The complete query result is displayed upon launching the red action button (line labelled as "longest delay"). The green action button launches the inverse query, all archived files with status 6 and their delay values (time between OLAS archiving on Paranal and in the primary archive in Garching).

The DTS/Evalso monitors are displayed in the bottom monitor panel called "system", right. There are currently monitors for the two PAR-VIT links (#1 | #2), and one monitor for the connection VIT-GAR.

Data
Transfer:
  Monitors: DataTransfer  
ngas
transfer
no CALIB file delayed by >1 hr

In case of problems, flags will turn red, e.g.:

Data
Transfer:
  Monitors: DataTransfer  
ngas
transfer
longest CALIB delay: VISIR.2018-11-08T08:13:11.123.fits CALIB (2.5 hrs)
longest delay (any dpr.catg): VISIR.2018-11-01T08:13:11.123.fits SCIENCE (54.4 hrs)

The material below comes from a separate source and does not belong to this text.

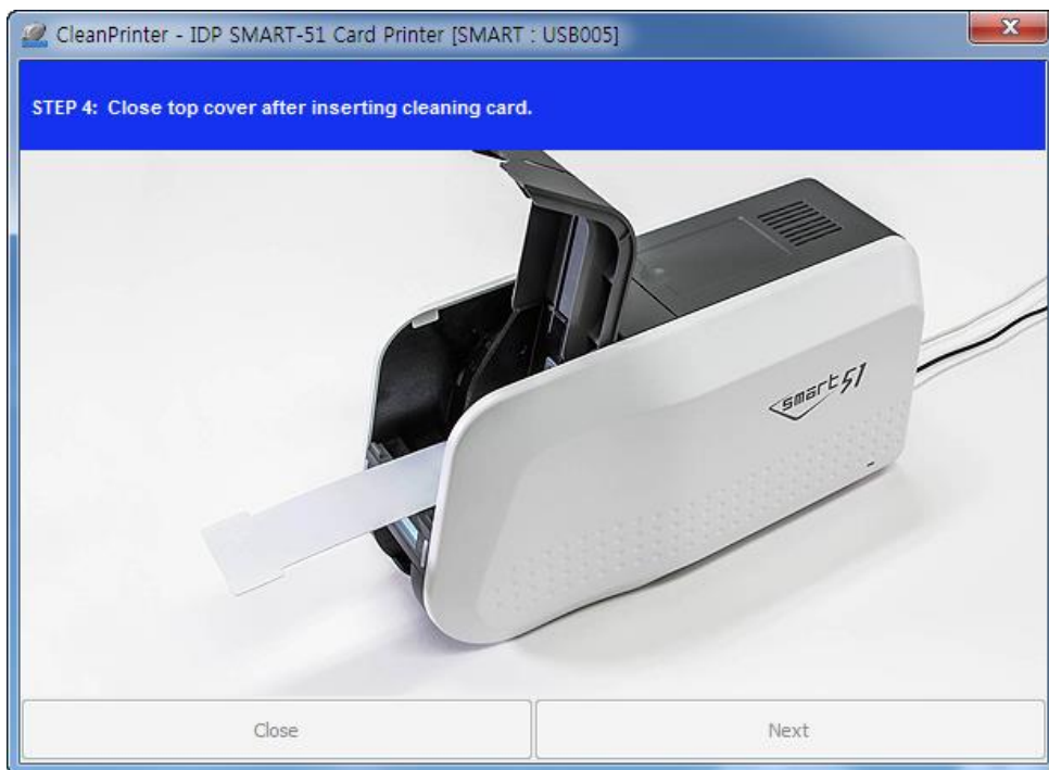
Figure 109 Printer cleaning Step 4

Step 4. Close the top cover to clean the Thermal Print Head and the printing roller. When the top cover is closed, cleaning card will be moving back and forth to clean.

The ngas and the transfer flags are exported to the web server and embedded in the calChecker and the HC monitor.


Cronjobs check boxes

The operational cronjobs are monitored here (applicable to dfos_ops only).

dfos_ops only:

[ top ] autoDaily checkbox. This checkbox is intended to make the current status of the processing scheme more transparent. It checks for:

  • "enabled as cronjob ": autoDaily being enabled as cronjob (with the pattern displayed)
  • "cleanupRD enabled": once a day the utility tool cleanupRawdisp should be called to maintain the RAWDISP pages both on the web server and on the replication server;
  • "dfosCron monitoring enabled": for the 'forced refresh' button on the HC monitor, the monitoring tool call 'dfosCron -t autoDaily' must be enabled as cronjob, with a cadence once per minute (because of the promise that 'autoDaily' will start within a minute after request); the checkbox checks for the entry in the cronjob file and also for the proper cadence (* * * * *).
autoDaily?
enabled as cronjob
cleanupRD enabled
dfosCron monitoring enabled

This box must be green for dfos installations. The configured cronjob pattern is visible when hovering the mouse.

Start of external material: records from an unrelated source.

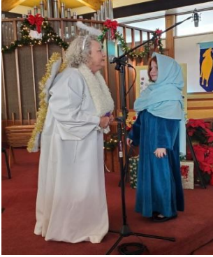
Mary is visited by an angel
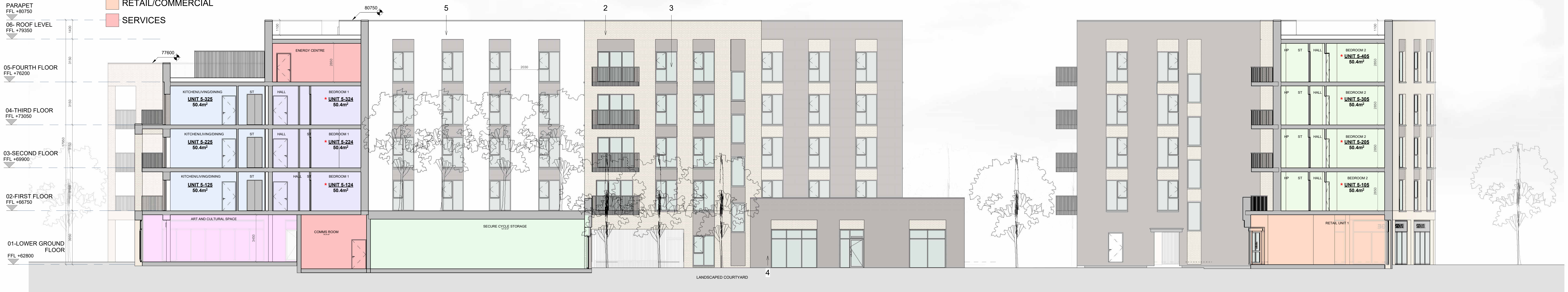
SECTION A-A SCALE: 1 : 100
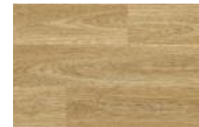
3380 American Oak* w/r 3380
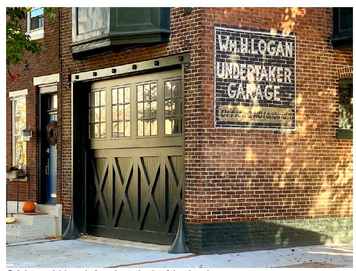
24th and Naudain, dappled with shade.

I can't resist one more. Let's hear it for the contribution that shade trees can make to the mood on a street.

The activities of autoDaily are displayed in real-time underneath the XDM. If autoDaily is not running, this box displays:

autoDaily: no dates

If there is autoDaily activity, messages will inform about progress. You can follow the workflow by clicking on the 'log' link:

autoDaily: list_data_dates
log autoDaily running!
calling createAB

[ top ] HC monitor checkbox. This checkbox monitors the proper update pattern of HC reports. It checks for the existence and proper scheduling of the following jobs:

  • JOBS_TREND: the complete set of HC jobs (linked to the job) to be updated at least once per day (with the coded cronjob pattern displayed on mouse over)
  • JOBS_HEALTH: the essential set of HC jobs used for incremental HC monitor updates by autoDaily (linked to the job)
  • JOBS_NAVBAR: the job file for regular updates of the HISTORY navigation bars (to be called twice a month)
HC monitor updates?
JOBS_TREND enabled as cronjob
JOBS_HEALTH existing
JOBS_NAVBAR enabled as cronjob

[ top ] calChecker checkbox. The first checkbox checks for the existence and the proper scheduling of the calChecker cronjob (to be called every half hour). The second one checks if once a day the FULL mode is called, as a safety mechanism.

calChecker?
enabled as cronjob
FULL: enabled as cronjob

[ top ] AB checkboxes. These checkboxes are used to monitor the autoDaily execution. The following information is displayed:

  • the last created AB (its name is written by createAB into $DFO_MON_DIR/LAST_AB) and its age
  • the last processed AB
  • the last autoDaily execution and its age.
Last created AB: GIRAF.2012-09-13T13:07:07.895_tpl.ab (age: 20.4 h)
  Last processed AB: GIRAF.2012-09-13T13:07:07.895_tpl.ab
Last autoDaily: 2012-09-14T09:30:45 (age: 0.0 h)

The last autoDaily execution is written into the file $DFO_MON_DIR/autoDWatcher.html and exported to the HC web site. It is included there in the monitor page http://www.eso.org/observing/dfo/quality/ALL/qc1_info.html, ready to be inspected by the QC shiftleader. It will automatically flag red if its age excesses 6 hours.


[ top ] ToDo lists

The non-automatic tasks (e.g. ingestion) are listed here:

dfos_ops, PHOENIX:
The tool manages the following off-line jobs (all under $DFO_JOB_DIR):

  • JOBS_NIGHT (filled by createJob)
  • JOBS_INGEST (filled by moveProducts)
  • JOBS_CLEANUP (filled by ingestProducts)

Managing means: check if the file contains valid entries; offer links to watch, edit, and execute. The open tasks appear under 'ToDo', either in grey (nothing to do) or in yellow (something to do):

ToDo: off-line processing
JOBS_NIGHT
ingest products:
JOBS_INGEST
cleanup (fits->hdr):
JOBS_CLEANUP
watch [edit] [launch] watch [edit] [launch] watch [edit] [launch]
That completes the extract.